What the task asks: Look below for the line that contains "Інноваційний концентрований крем", and write out exactly that line and all remaining lines of the listing, omitting pictures.

Collected material:
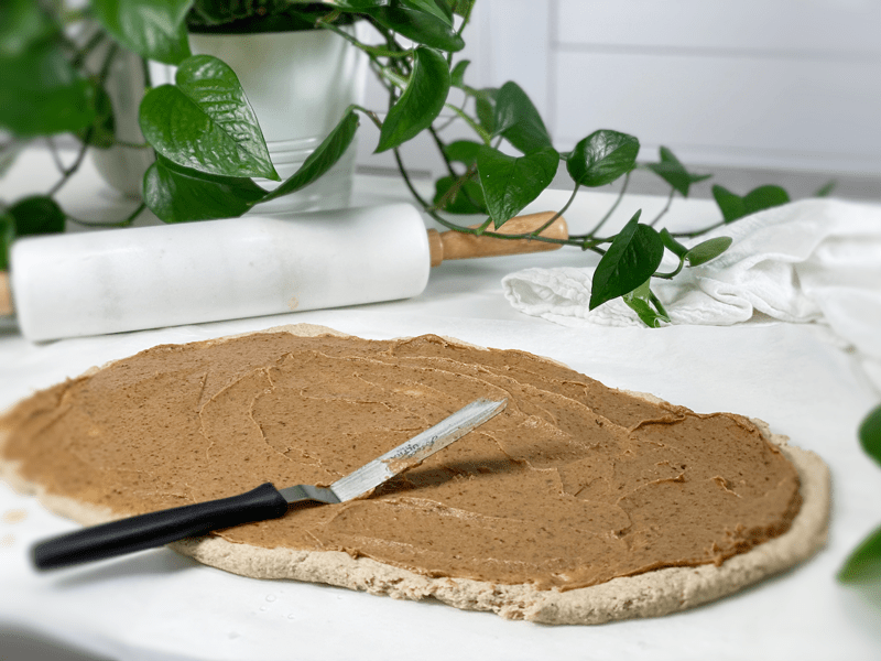 - Place the dough on a piece of parchment paper and roll it out into a rectangle. Mine measured 15″ x 11″ x 1/4 ” thick.
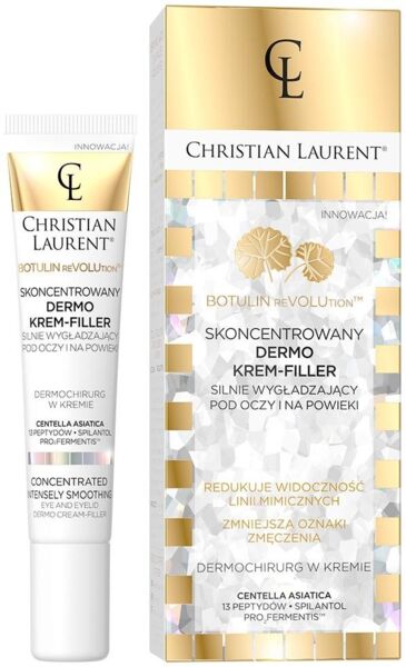 Інноваційний концентрований крем для шкіри навколо очей бренда Christian Laurent – це високоефективний відновлювальний засіб-філер на основі ботуліна. Він є косметичною альтернативою хірургічним маніпуляціям – розгладжує навіть глибокі зморшки, усуває сліди втоми та повертає епідермісу періорбітальної зони втрачений життєвий тонус.
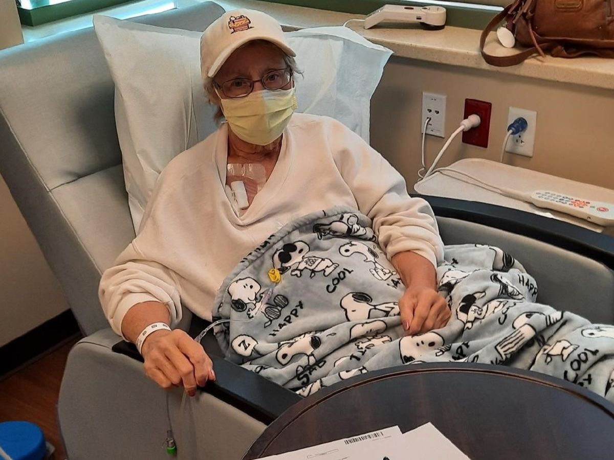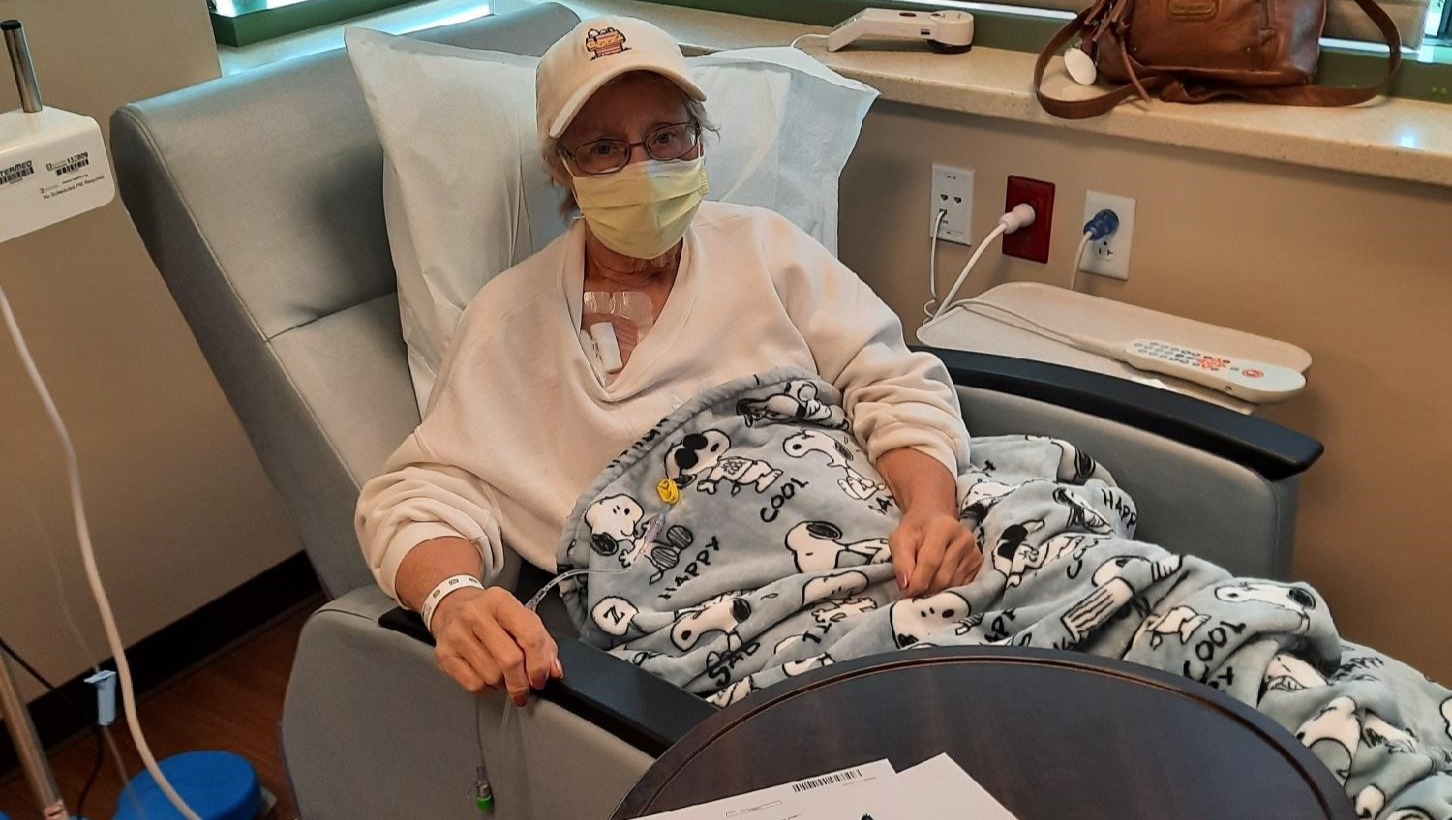 Cindy right now is at a break from chemo (over 12 treatments) -- waiting to start a new drug that has a $3,500 monthly co-pay up front. During this time, until she can get the co-pay, she will continue to receive infusions of Keytruda, magnesium, and hydration.

Response box:
 Інноваційний концентрований крем для шкіри навколо очей бренда Christian Laurent – це високоефективний відновлювальний засіб-філер на основі ботуліна. Він є косметичною альтернативою хірургічним маніпуляціям – розгладжує навіть глибокі зморшки, усуває сліди втоми та повертає епідермісу періорбітальної зони втрачений життєвий тонус.
 Cindy right now is at a break from chemo (over 12 treatments) -- waiting to start a new drug that has a $3,500 monthly co-pay up front. During this time, until she can get the co-pay, she will continue to receive infusions of Keytruda, magnesium, and hydration.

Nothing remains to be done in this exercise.